“Türk Silahlı Kuvvetleri Personel Kanunu ile Bazı kanunlarda Değişiklik Yapılmasına Dair Kanun Tasarısı”…
Genel gerekçesine göre, ulusal ve uluslararası bağlantılarını kullanarak organize şekilde hareket edebilen bir terör örgütüyle, bir ilin sınırlarıyla bağlı kalmaksızın mücadele edilmesi” için yapılacak kanuni düzenlemeyle Bakanlar Kurulu’na “genel kolluk kuvvetlerine destek sağlanması maksadıyla Türk Silahlı Kuvvetlerinin bir bütün olarak görevlendirilebilmesi” imkânı sağlanıyor.

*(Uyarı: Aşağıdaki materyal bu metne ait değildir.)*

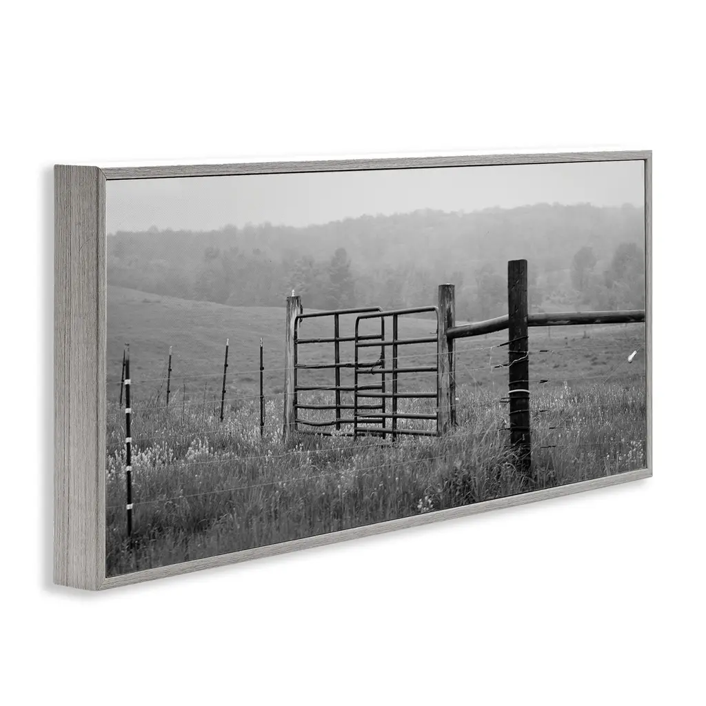 Stupell Countryside Farmland Front Gate Black White Landscape Photography Framed Wall Art - Grey - 24 X 10 - Grey

Genel gerekçeye göre il sınırlarını aşan ve/veya illerde kolluk kuvvetleriyle TSK’nın müştereken operasyon düzenleyebilmesi, “koordineli” yürütebilmesi için Bakanlar Kurulu yetkilendiriliyor. İçişleri Bakanlığının teklifiyle Bakanlar Kurulu terör eylemlerinin “kamu düzenini” bozması ihtimali ile “genel kolluk imkân ve kabiliyetlerini aşan durumlarda” Silahlı Kuvvetlerin “desteğine” başvurarak operasyon “uygulama” kararı verebilecek.
Genel gerekçeye göre; “Üstün bir anlayışla terörle mücadele görevini yürüten tüm kamu görevlilerinin tereddüt içinde kalmaksızın etkin bir şekilde etkin bir şekilde bu görevlerini yerine getirebilmelerinin sağlanması gerekmektedir. Bu kapsamda terörle mücadele eden kamu görevlilerinin haksız iddialarla yıpranmasını önlemek maksadıyla hukuk devleti ilkesi çerçevesinde bazı düzenlemeler yapılmaktadır”. Terörle mücadelede görev alanlar “büyük cesaret ve fedakârlıkla ” görevlerini yaptıklarından dolayı bu mücadelede kanuni bir desteğin gerekli olduğu bazı kanunlarda değişikliğin asıl amacı…
Demek ki amaç kamu görevlilerinin terörle mücadelede tereddüt içinde kalmaması ve haksız iddialara karşı yıpranmalarının önlenmesi… Bu nedenle kanuni destek gerekli görülüyor. TSK’nin terörle mücadelede kolluk güçlerine destek olacak şekilde kullanılmasının usul ve esasları yeniden belirleniyor ve İl İdaresi Kanunun 11. maddesi değiştiriliyor (Tasarı Madde 12 ve devamı).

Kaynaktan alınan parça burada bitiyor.